> DESCRIPTION OF THE TASK:
Below are records; reproduce exactly the lines from the one that has "时尚的高领设计,穿着舒适有型" through the one that has "Bestie Gifts, To", ends included, and nothing more.

> DATA TO USE:
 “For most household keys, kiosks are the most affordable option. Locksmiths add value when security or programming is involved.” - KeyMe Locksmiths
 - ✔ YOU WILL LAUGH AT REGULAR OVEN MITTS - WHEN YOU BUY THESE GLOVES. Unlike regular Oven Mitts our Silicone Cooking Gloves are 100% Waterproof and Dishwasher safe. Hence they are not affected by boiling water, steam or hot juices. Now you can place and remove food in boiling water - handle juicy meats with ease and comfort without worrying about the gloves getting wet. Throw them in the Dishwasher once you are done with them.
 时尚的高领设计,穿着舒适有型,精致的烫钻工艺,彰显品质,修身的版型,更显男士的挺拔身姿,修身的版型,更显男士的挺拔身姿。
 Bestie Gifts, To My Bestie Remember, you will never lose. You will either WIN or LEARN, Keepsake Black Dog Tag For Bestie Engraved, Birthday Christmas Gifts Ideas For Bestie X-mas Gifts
==
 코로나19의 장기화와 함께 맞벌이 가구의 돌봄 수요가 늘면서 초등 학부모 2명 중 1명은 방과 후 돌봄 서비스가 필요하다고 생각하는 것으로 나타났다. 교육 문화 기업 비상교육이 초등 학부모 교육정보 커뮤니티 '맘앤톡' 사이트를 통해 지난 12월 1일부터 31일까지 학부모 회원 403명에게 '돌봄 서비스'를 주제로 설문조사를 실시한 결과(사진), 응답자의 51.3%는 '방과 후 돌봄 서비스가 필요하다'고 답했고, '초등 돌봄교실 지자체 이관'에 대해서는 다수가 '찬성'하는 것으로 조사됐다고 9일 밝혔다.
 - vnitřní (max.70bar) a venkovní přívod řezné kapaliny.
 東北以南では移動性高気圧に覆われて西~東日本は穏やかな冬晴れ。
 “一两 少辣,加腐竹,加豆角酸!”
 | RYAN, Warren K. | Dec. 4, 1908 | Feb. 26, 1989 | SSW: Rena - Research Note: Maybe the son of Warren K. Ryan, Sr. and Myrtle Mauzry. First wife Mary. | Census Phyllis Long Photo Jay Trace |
--
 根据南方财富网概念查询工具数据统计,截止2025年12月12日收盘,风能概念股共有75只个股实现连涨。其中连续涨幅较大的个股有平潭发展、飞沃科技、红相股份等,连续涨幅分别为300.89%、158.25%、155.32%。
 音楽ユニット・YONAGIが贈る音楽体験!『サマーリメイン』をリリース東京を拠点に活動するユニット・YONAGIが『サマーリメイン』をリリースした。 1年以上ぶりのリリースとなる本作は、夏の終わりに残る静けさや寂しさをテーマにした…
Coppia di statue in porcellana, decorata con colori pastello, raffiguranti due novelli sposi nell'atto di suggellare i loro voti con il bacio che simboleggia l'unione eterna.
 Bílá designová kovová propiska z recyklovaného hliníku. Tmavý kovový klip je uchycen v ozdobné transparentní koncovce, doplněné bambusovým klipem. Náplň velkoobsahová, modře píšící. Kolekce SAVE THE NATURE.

> EXERCISE ANSWER:
 时尚的高领设计,穿着舒适有型,精致的烫钻工艺,彰显品质,修身的版型,更显男士的挺拔身姿,修身的版型,更显男士的挺拔身姿。
 Bestie Gifts, To My Bestie Remember, you will never lose. You will either WIN or LEARN, Keepsake Black Dog Tag For Bestie Engraved, Birthday Christmas Gifts Ideas For Bestie X-mas Gifts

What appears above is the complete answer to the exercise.